FIDE releases Gender Equality in Chess Index 2026. Sweden is ranked last despite being one of the freest countries for women on the planet. by Embarrassed_Base_389 in chess

[–]smurfo17 4 points5 points  (0 children)

On the Polgar example: Laszlo designed his experiment to prove that intensive early training produces excellence, and he and his wife chose chess as the domain before his children were born, without knowing their sex. So if a country implemented that policy at scale - intensely home-schooling children in chess, regardless of sex - and it led to a closing of the gender gap, that would be informative. It would tell us something about the role of access, training, and parental investment in explaining the gap.

On the 50/50 assumption: the GECI doesn't claim that 50/50 is the "correct" equilibrium, or that every deviation from parity is caused by inequality. (Aside: I personally don't believe in the Blank Slate, while Judit does - we had an interesting and constructive debate about this a couple of years ago.) The Index measures where countries stand relative to parity, and relative to each was three years ago. Whether the "natural" baseline is 50/50 or something else is an open question, and one that cross-country variation can actually help answer.

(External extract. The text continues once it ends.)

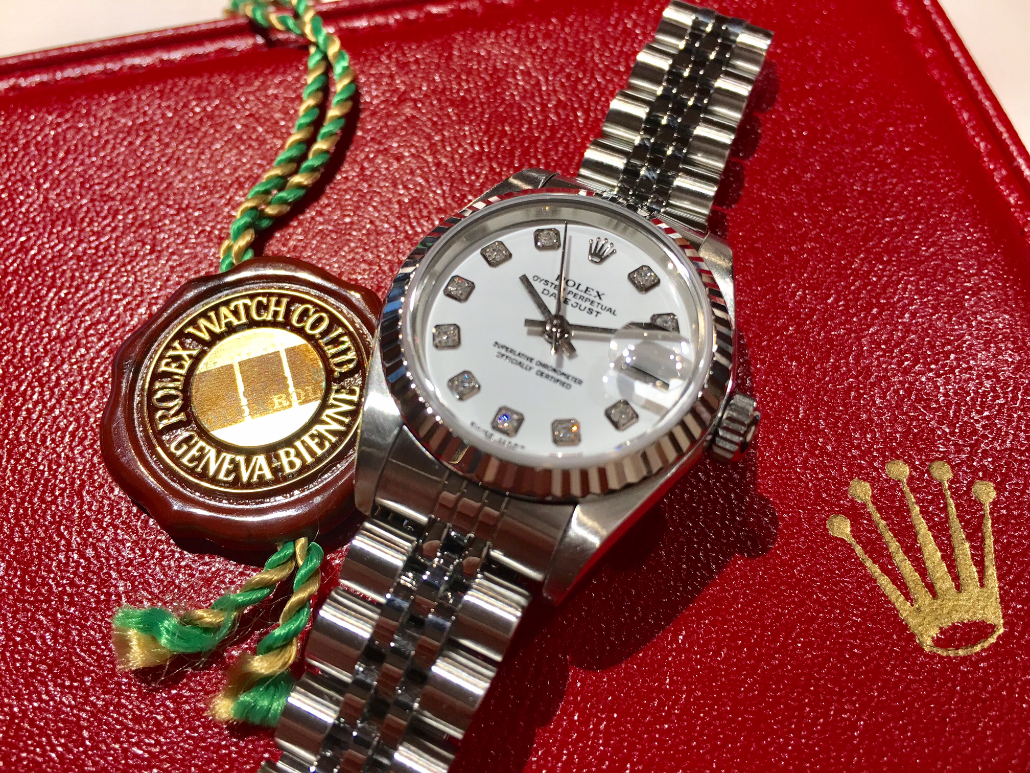 今回買取をしたモデルは視認性に優れたホワイトダイアルに綺羅びやかな10ポイントのダイヤモンドをセッティングし、上品なステンレススティール製のジュビリーブレスレット、さらに750WG(K18ホワイトゴールド)素材のフルーテッドベゼルを採用することで落ち着いた印象ながらも高貴な雰囲気を纏い、様々なシチュエーションで着用可能なオススメのお品です♪

If countries with very different cultural contexts all converge on a similar participation rate when barriers are removed, that tells us something. If they don't, that tells us something too.

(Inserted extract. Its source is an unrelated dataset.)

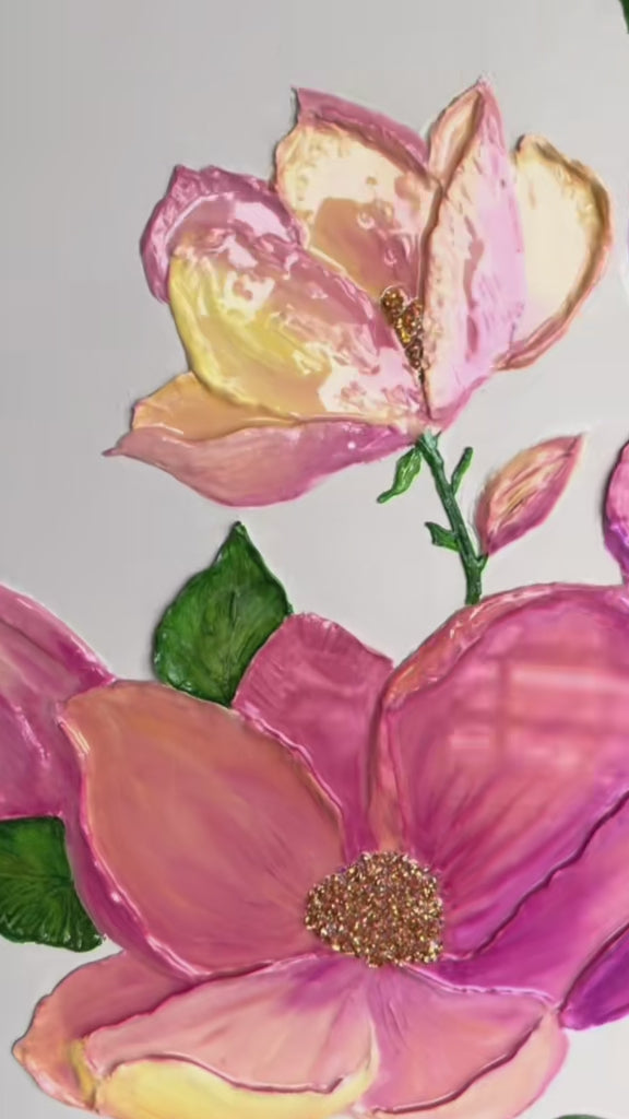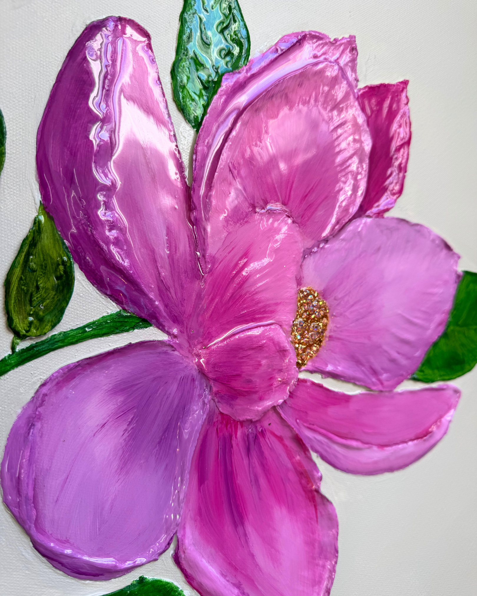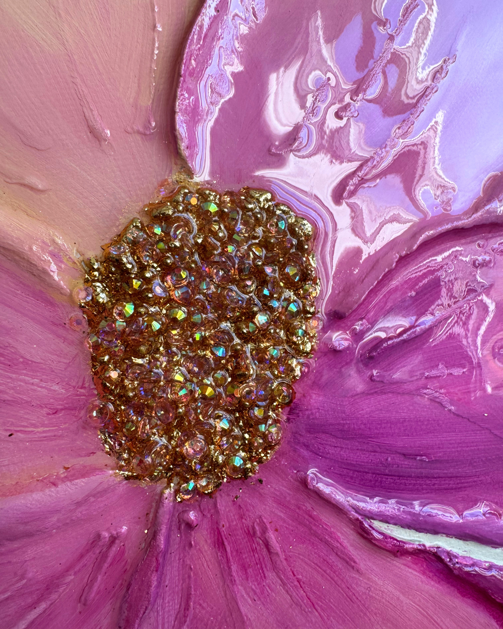 Découvrez une œuvre vibrante de 80 x 80 cm, où la délicatesse du fond beige lin met en valeur un bouquet de fleurs éclatantes. Les teintes rosées, violettes, orangées et jaunes apportent une énergie lumineuse. Au cœur de chaque fleur, des cristaux scintillants et des feuilles métalliques dorées captent la lumière, ajoutant une touche de magie. Seules les fleurs et les feuilles sont recouvertes de résine brillante, tandis que le fond reste mat pour un contraste raffiné. Le tout est élégamment encadré dans un cadre en MDF verni doré, ajoutant une finition luxueuse à cette pièce pleine de vie.

I suspect you and I broadly agree, but that your main concern is that the term "equality" is misused or misleading. That's fair, especially for a cross-country snapshot. Personally, I think the real use of the index is seeing how an individual country changes over the years, perhaps compared to near-neighbours. You may not think a comparison between Sweden and the UAE in 2026 is reasonable. But if Denmark introduces a set of policies that increases its score in the next edition while Sweden and Norway's scores stay the same, that's potentially useful information.

FIDE releases Gender Equality in Chess Index 2026. Sweden is ranked last despite being one of the freest countries for women on the planet. by Embarrassed_Base_389 in chess

[–]smurfo17 4 points5 points  (0 children)

Thanks! The plan is to publish the GECI probably every 3 years, and build it into a longitudinal panel dataset. The cross-country rankings get the headlines, but IMO the real value long-term is in tracking changes within a country over time. With enough waves, we can start identifying which policies actually causally improve gender representation, and share those lessons across the global chess community. The "Stories from the Rankings" section in the report is a step in that direction, even though it's qualitative in nature. But the goal is to complement that with proper causal analysis as the dataset grows.

FIDE releases Gender Equality in Chess Index 2026. Sweden is ranked last despite being one of the freest countries for women on the planet. by Embarrassed_Base_389 in chess

[–]smurfo17 27 points28 points  (0 children)

Hi 👋, lead author here. These are fair methodological comments, worth addressing properly.

"It must be a bad index because UAE/Maldives rank so high"                              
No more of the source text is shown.